Ключевое условие развития — защищенность прав собственности. У нас очень низкие, по сравнению с другими сопоставимыми странами, показатели защищенности собственности. Не говоря уже о развитых странах, с которыми даже нет смысла сравнивать себя.
Более того, чем больше ты генерируешь прибыли, тем выше вероятность потерять бизнес — вместо стимулов действуют антистимулы.
Другой важный фактор — это свободный допуск на рынки. Сейчас, чтобы серьезная компания вышла на какой-то рынок, она должна договариваться с региональными властями. А чтобы получить крупный государственный заказ, нужно иметь рабочие отношения с федеральными или региональными властями. Важной опять оказывается не эффективность бизнеса, а другие факторы. Но если рост эффективности производства не поощряется, откуда ему взяться?

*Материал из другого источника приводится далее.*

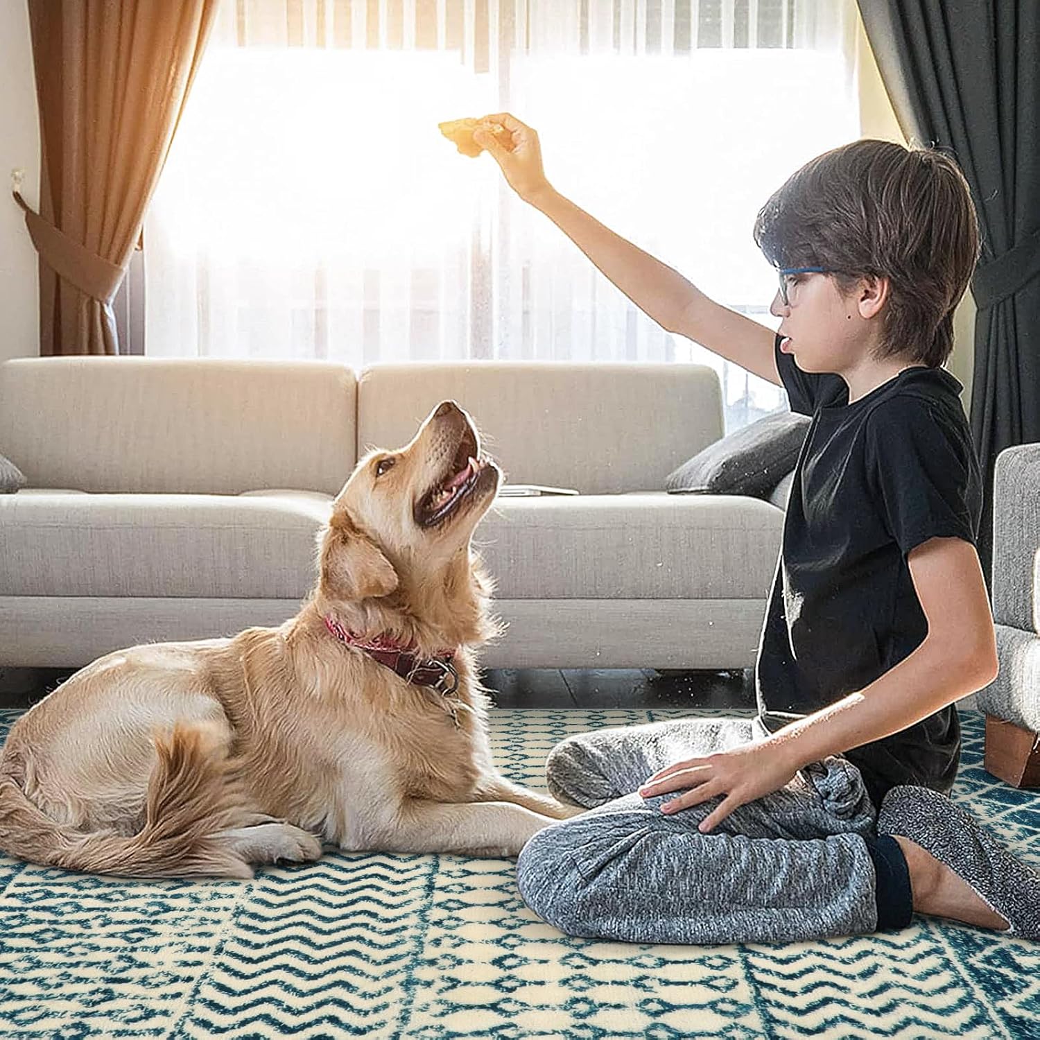 - Soft & Non-Shedding Rug: The blue area rug is made of faux wool, soft cozy material is friendly to pets and children's skin.The low-pile blue rug features high density , pile almost non-shedding.The ultra soft touch protects your feet from the cold and hard floors, bringing comfort and warmth to your feet
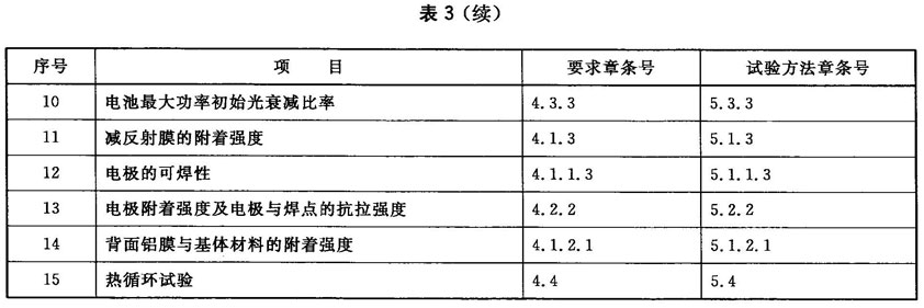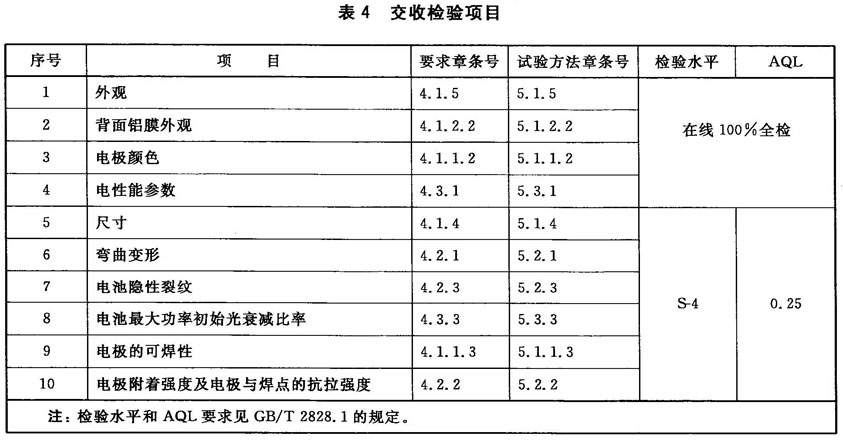 一個(gè)交收檢驗(yàn)批可由一個(gè)生產(chǎn)批組成或由采用基本相同的材料、工藝和設(shè)備,間隔時(shí)間不超過一周的幾個(gè)生產(chǎn)批組成。交收檢驗(yàn)項(xiàng)目除全檢項(xiàng)目外,其他項(xiàng)目抽樣方案按GB/T 2828.1-2003中的規(guī)定進(jìn)行,其檢測(cè)項(xiàng)目、抽樣方案,檢驗(yàn)水平、接收質(zhì)量限(AQL)按照表4規(guī)定進(jìn)行。對(duì)于在線全檢項(xiàng)目,如電池達(dá)不到任意一項(xiàng)要求,則該片電池應(yīng)被判定為不合格品。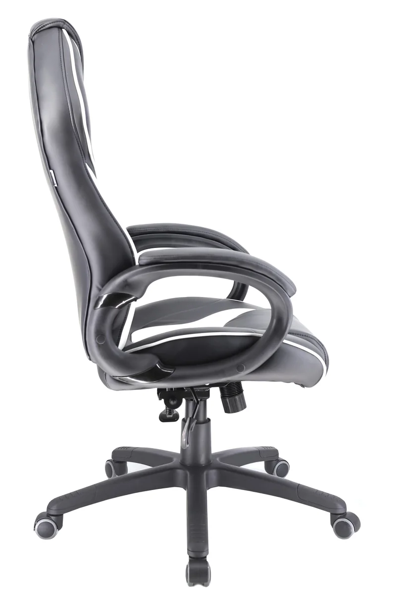Надежное геймерское кресло в черно-белом цвете в обивке из искусственной кожи. Механизмом качания в изделии выбрано устройство «ТопГан Мульти», благодаря которому доступно любое изменение угла наклона спинки с последующей фиксацией выбранного положения. Модель оснащена мягконабивными широкими спинкой и сиденьем, что обеспечивает комфорт во время длительной эксплуатации.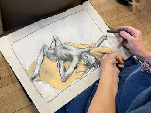 Posing in the round, I was asked for one 5-minute seated guru pose then three more variations turning 90° for 2 minutes each time. Cleo provided advice to artists before, during and after every change, with discussion, engagement and sharing throughout. Clearly I had entered a close, characterful community. Next: the long pose.

Пенсионеров столько же, сколько работников
— Тогда мы подходим к главному вопросу: что делать, чтобы удвоить рост нашего ВВП до среднемирового, о чем не первый год мечтают в Кремле? Возможно ли это в принципе, учитывая геополитическую составляющую, которая, похоже, не оставляет шансов на рост?
— Геополитическая составляющая важна, но я не думаю, что она главная. Более важную роль играет даже не прямой эффект наложенных санкций (который вначале был достаточно весомым, но сейчас ослабляется). На нынешнем этапе важнее неопределенность и риски, связанные с геополитическими проблемами: для участников экономической деятельности важно понять, куда Россия будет двигаться с точки зрения отношений с остальным миром. Мировой опыт показывает, что без глубокой интеграции в мировое хозяйство ни одной стране не удалось успешно развиваться.
Но есть еще множество необходимых реформ: макроэкономических, структурных и институциональных. Одни должны решать назревшие текущие проблемы, другие — отвечать на долгосрочные вызовы. Как, например, реагировать на неблагоприятные демографические тренды?
— Старение населения?
— Да, старение, на которое мы до сих пор не реагировали, в отличие от других стран. Могли не реагировать благодаря растущим ценам на нефть, но теперь придется это делать.
Число пенсионеров уже почти сравнялось с числом работников. Но мы не можем все деньги тратить на пенсии. У нас и так очень быстро растет доля социальных расходов в структуре госрасходов.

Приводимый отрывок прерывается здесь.